Implications of Decision
The inability of FINRA to bring judicial actions to collect disciplinary fines will not have a significant impact on member firms because the prospect of expulsion from the industry provides sufficient incentive to pay monetary penalties imposed by FINRA. This decision will likely be most important to individuals who receive significant penalties and who can afford to walk away from the industry as an alternative to paying the fine. Of course, the most egregious violators should understand that they are still subject to the jurisdiction of the SEC, and the SEC may pursue an action against them in federal district court to enforce any order it issues that affirms sanctions, including fines, imposed by FINRA.1
But the court’s analysis of the 1990 Rule Change may have wide-reaching implications for FINRA’s characterization of new rules or rule changes as “House-Keeping,” or otherwise having no substantial effect on the public interest or the protection of investors. The Second Circuit’s disagreement with FINRA’s designation of the 1990 Rule Change as a “House-Keeping” rule may incentivize FINRA and other SROs to more closely scrutinize which future rules or rule changes require notice and comment under the Exchange Act. Additionally, the Second Circuit’s approach to FINRA’s characterization of the 1990 Rule Change as a “House-Keeping” rule may provide incentive for members to consider what other “House-Keeping” rules might be second-guessed if brought to a judicial body for consideration. Furthermore, the Second Circuit’s analysis may provide a basis for a review of the validity and efficacy of existing SRO rules that bypassed the notice and comment process.

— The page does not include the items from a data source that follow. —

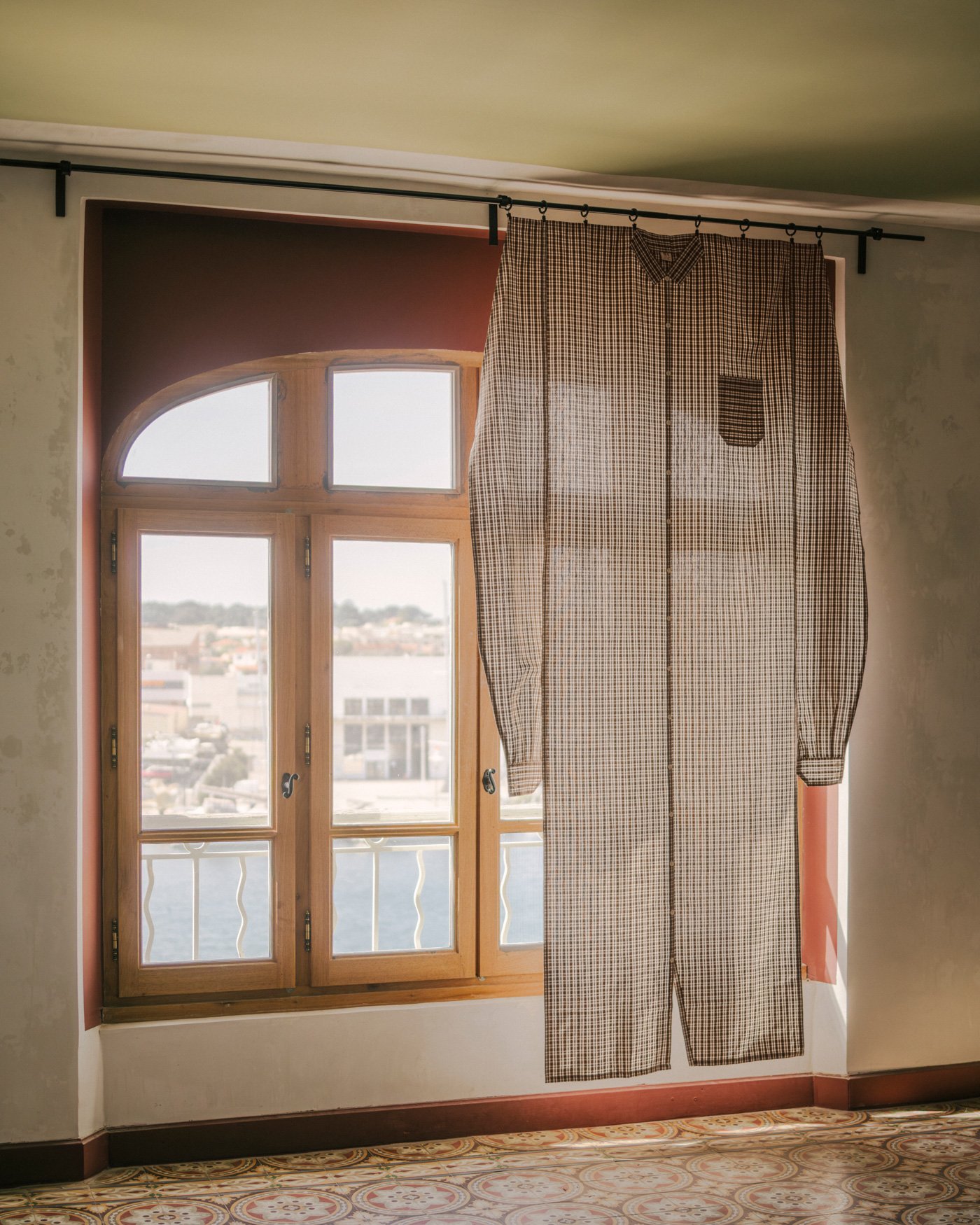 In her "The Apartment Gets Dressed" series, Sarah challenges the boundaries of traditional soft furnishings by integrating distinct sartorial features, such as shirts and trousers, into her curtain designs. These pieces retain the silhouette of the garments and preserve the curtain's light-filtering function while presenting a surprising artistic form.
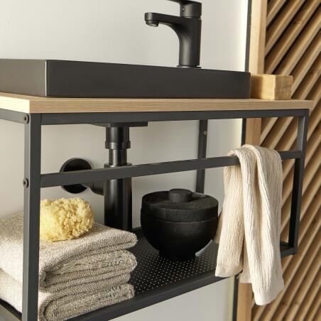 Le meuble lave-mains WILO apporte une touche moderne et tendance à votre petite pièce d’eau. Ce meuble compact de salle de bain se compose d’une structure en métal noir mat, d’une étagère en métal perforé, d’un plan en panneaux de particules mélaminés (PPM) et d’une vasque réversible en résine de synthèse, disponible en blanc ou noir pour s’adapter à vos contraintes d’installation. Ce pack complet comprend également un robinet (flexibles 3/8", aérateur/brise-jet en ABS, cartouche céramique) doté d’une poignée confortable, ainsi qu’un miroir avec tablette métallique, parfait pour optimiser l’espace tout en apportant un style épuré et pratique. Sa tablette pourra aisément accueillir vos petits produits du quotidien, avec sa charge maximale de 3Kg.
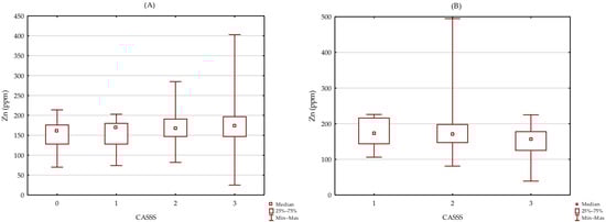 A lack of significant association between Zn level and CASSS in groups of patients without (H = 2.076 p = 0.557; Figure 1A) and with a history of MI (H = 0.000 p = 1.000; Figure 1B) was observed.
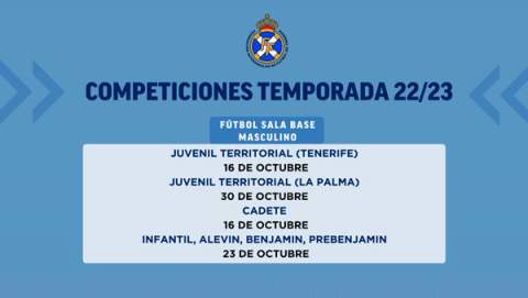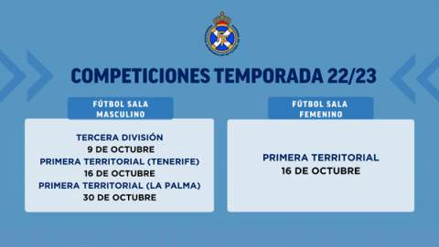 En lo referente al fútbol sala, la primera competición será la 3ª División cuya fecha de inicio se ha programado para el 9 de octubre, mientras que la Primera Territorial -tanto masculina como femenina- tendrá su primera jornada el 16 de octubre.
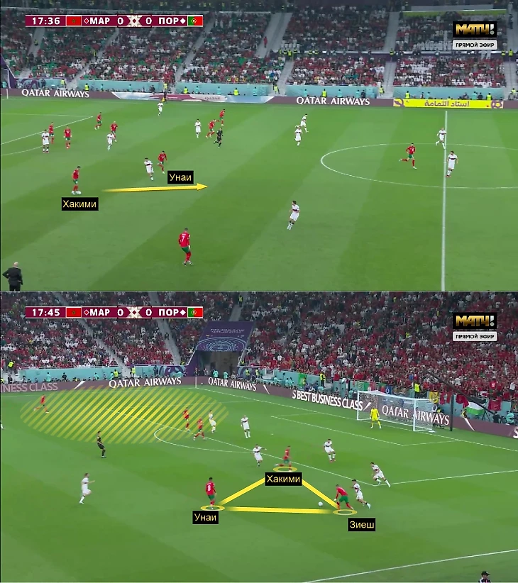 Буфаль и Зиеш – отличные дриблеры, но особенно впечатлило взаимодействие вингеров с Хакими и Унаи. Ашраф подключался не только по флангу, но и заходил в середину, и хорошо откликался на передачи марокканской восьмерки – это было очень технично и быстро.

Finally, because the court stated that it expressed no opinion as to the validity of a properly promulgated rule authorizing FINRA to collect fines through judicial proceedings, this decision potentially leaves the door open for FINRA to seek such authorization through the notice and comment rule-making process. However, given the court’s clear statements on the lack of statutory authority and the clear congressional intent, it seems unlikely that even a properly promulgated rule would withstand judicial scrutiny.